Announcing The Television News Advertising Inventory Files (AIF) Video Time ASR-Aligned Dataset

We're tremendously excited to announce today the debut of the new "video time" Advertising Inventory Files (AIF) dataset for television news that uses Google Cloud Video API's automatic speech recognition (ASR) to precisely align the underlying closed captioning transcript and overlay the program's captioning mode information onto the airtime to flag each and every second of the broadcast as news, advertising or uncaptioned. The previously-released "captioning time" AIF files use the timecodes embedded in the closed captioning, which typically lag the actual broadcast by anywhere from a few seconds up to 5-10 seconds. This makes it difficult to use them as precision masks to exclude advertisements from analyses of the Visual Global Entity Graph 2.0, since the captioning boundaries do not align with the actual video footage itself. By using the ASR data to align the captioning transcripts we are able to generate a precisely aligned masking file that identifies the context of each second of airtime.

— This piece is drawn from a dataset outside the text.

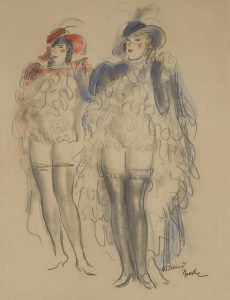 Milivoy UZELAC [bosniaque] (1897-1977) Deux travestis au Tabarin Dessin au crayon de couleurs. Signé et situé en bas à droite. 53 x 40 cm

How We Align Closed Captioning Transcripts

Why do we need to align the closed captioning instead of just using the ASR that is already precisely aligned with the video? The reason is that the captioning data is what contains a special data field embedded in each line that tells whether that line of captioning is an advertisement or news programming. Over the past decade across all of the channels the Internet Archive monitors, this field appears to be 100% accurate in differentiating news from advertising. Thus, in order to overlay this field onto the actual broadcast itself we need to align the captioning so that the captioned words appear precisely when they are spoken so we can copy this information over.

Why is aligning closed captioning so difficult? In the US, television news closed captioning is typically generated by human transcriptionists watching the live broadcasts and typing what they hear in realtime. The lag time in their transcription, processing by the captioning company and transmission back to the broadcaster and out to television sets means there is considerable latency. Thus, captioning always lags the actual spoken audio by several seconds, but this delay is non-constant and varies continually throughout the broadcast.

Various solutions exist to align the captioning. Forced aligners use phonetic models and simplistic speech recognition to nudge the timecode of each captioned word forward, though it can struggle with complex words, accents, unusual cadence or prosody and substantial misalignment of spoken audio and captioned transcript. In our case, we use Google Cloud Video's ASR to generate a SOTA spoken word machine transcription that is remarkably robust against these issues. We then use "diff" set to minimal changes mode to align the machine and human transcripts.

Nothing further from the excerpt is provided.